Brown points to the Nelk Boys, YouTube comedians known for pulling pranks, interviewing Benjamin Netanyahu, or Tucker Carlson openly criticising the Trump administration after vocally working to get the orange guy elected. “[Carlson] is not going through some sort of political awakening,” Brown writes, “but rather looking out across the country and seeing which ways his audience is leaning.”

Nelk Boys

It’s a level of performance above what we’re used to seeing on social media. And it’s the same tactic used by many of the influencers Louis Theroux interviews in his Welcome To The Manosphere documentary. One of them, Harrison Sullivan, aka HStikkytokky, tells Theroux: “I’m doing it for money... if I’d just done good things, I would never have really blown up on social media in the first place.”

It feels like a response to the unreality we live in, where facts and accountability seem to matter less and less. Switching allegiances, changing your mind, engaging in new areas of interest, aren’t inherently bad things, but there needs to be a level of conviction for it to mean anything.

“In this simulation marketplace of ideas that we’re in now, no one’s actually authentically saying anything that they really believe in, or there are a lot of hucksters out there,” journalist Julia Malleck says on the Is This a Pigeon podcast (full disclosure: I’m her co-host). “I don’t think people are changing their minds, they’re changing their strategy, and that’s the difference.”

It also taps into the idea explored last summer in the Culture As Casino SEED: that when reality itself starts to feel unstable, people begin treating identity, belief and attention like speculative assets to trade. Vibes become wagers. Personality becomes positioning.
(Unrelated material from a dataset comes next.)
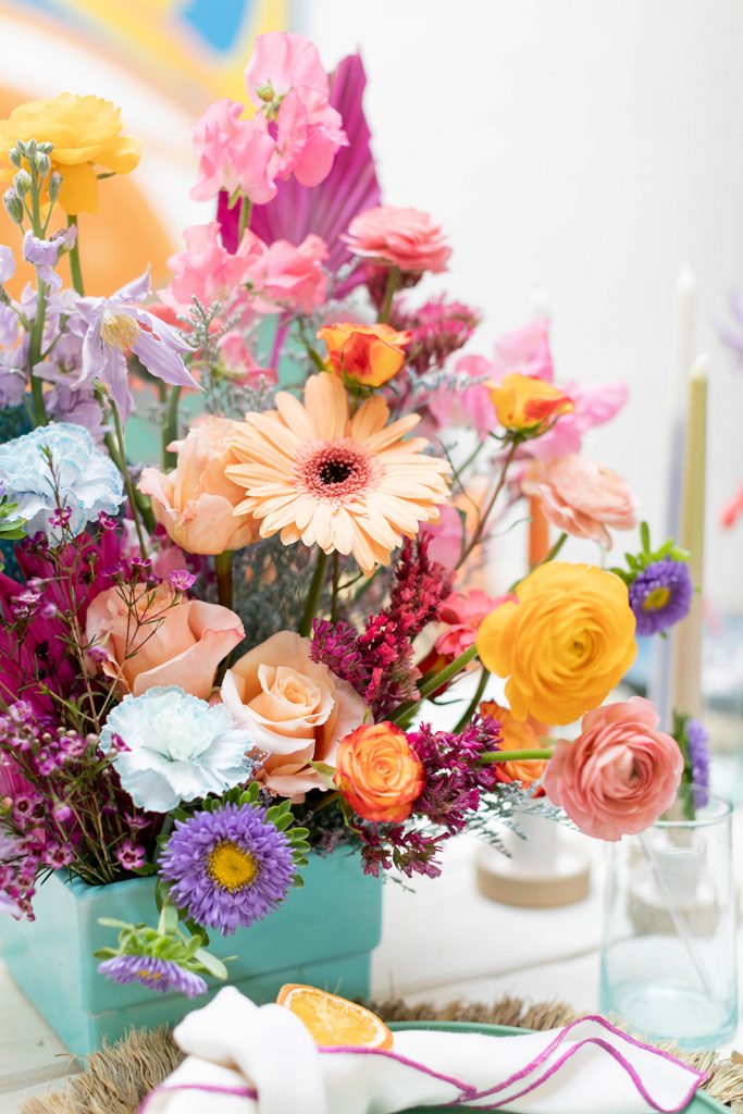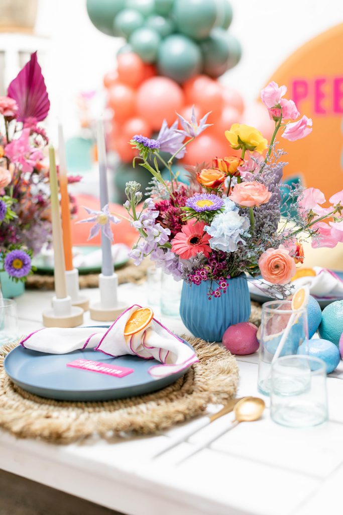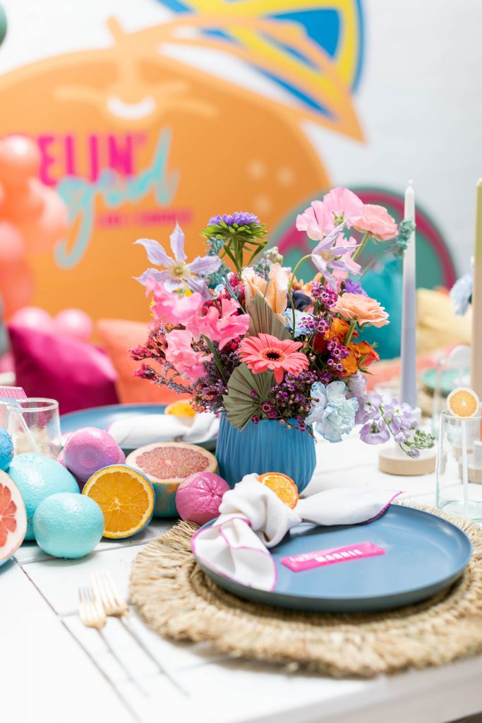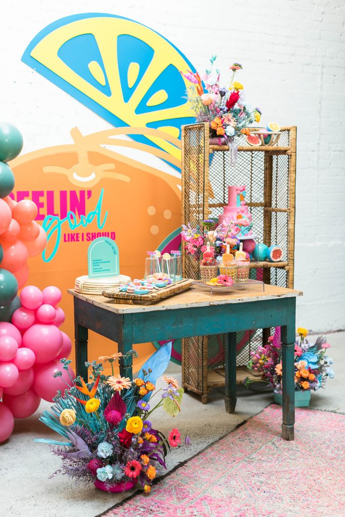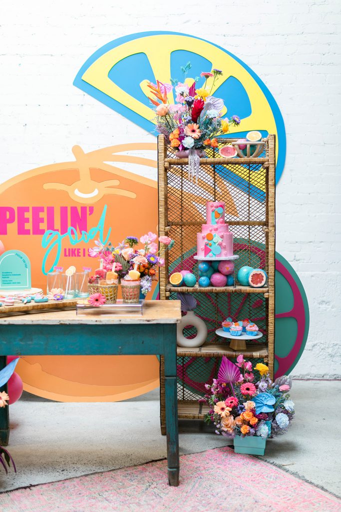 I can’t get over all of this amazing color!! So much fun for Spring & Summer! We knew we wanted to use Sweet Salvage Rentals. Marnie’s beautifully curated collection is so much fun to play with! From there we enlisted the help of Goldie Blooms to bring vibrancy with their amazing florals. The backdrop was the showstopper of this setup and our friends at Paper Garden XOXO nailed the design.

Brands, arguably, have been vibes gambling for years. Some got immediate backlash. Remember when Pepsi saw young people protesting police brutality in 2017, and tried to project millennial vibes by sending Kendall Jenner to broker peace with a can of soda? Others snuck past undetected. How many of the very loud, post-black-square diversity pledges have actually been delivered? As Matt Klein and I wrote for Zine recently, many were ditched as soon as Trump decapitated DEI.

Reactive marketing can work, of course, but authenticity is critical – it can’t be opportunistic or hollow. As Klein and I concluded: “Our words carry weight. They don’t just evaporate in the next news cycle. Accountability gives what we say a gravity, ensuring that our language doesn’t float away, losing its meaning.”

When Barbie launched a dumb phone, in response to the world’s growing desire to log-off, the hot-pink aesthetics and young-audience relevance made it feel natural. Duolingo jumped on growing Cybertruck hate by killing off its mascot, announcing the owl had been fatally struck by one – the brand’s inherent chaos, and commitment to the bit, made it work.

@duolingo

UPDATE: Reward for whoever can identify the driver. Please post any leads on TikTok. Thank you for your patience with us during these trying times. #RIPduo

♬ original sound - Duolingo

And when the National Gallery of Art in DC, started sharing Reels of their curator describing pieces from the collection using Gen Z slang, it was funny rather than cringe, because the analysis had depth (not to mention the gallery was simultaneously inviting young creators to apply for 50 x $3,000 grants to make social content based on its collection).

Conversely, when Pinterest, a social media platform under scrutiny for being overrun with ads and AI, runs a nostalgic advert encouraging people to connect with the real world; or the Met Police, which has blamed drill music for inciting violence, uses EsDeeKid backing tracks for its law enforcement social clips, a few eyebrows get raised.

Gambling on vibes is always going to be a risk. In the casino economy, if you’re going to place a bet, you’d better have the funds to back it up.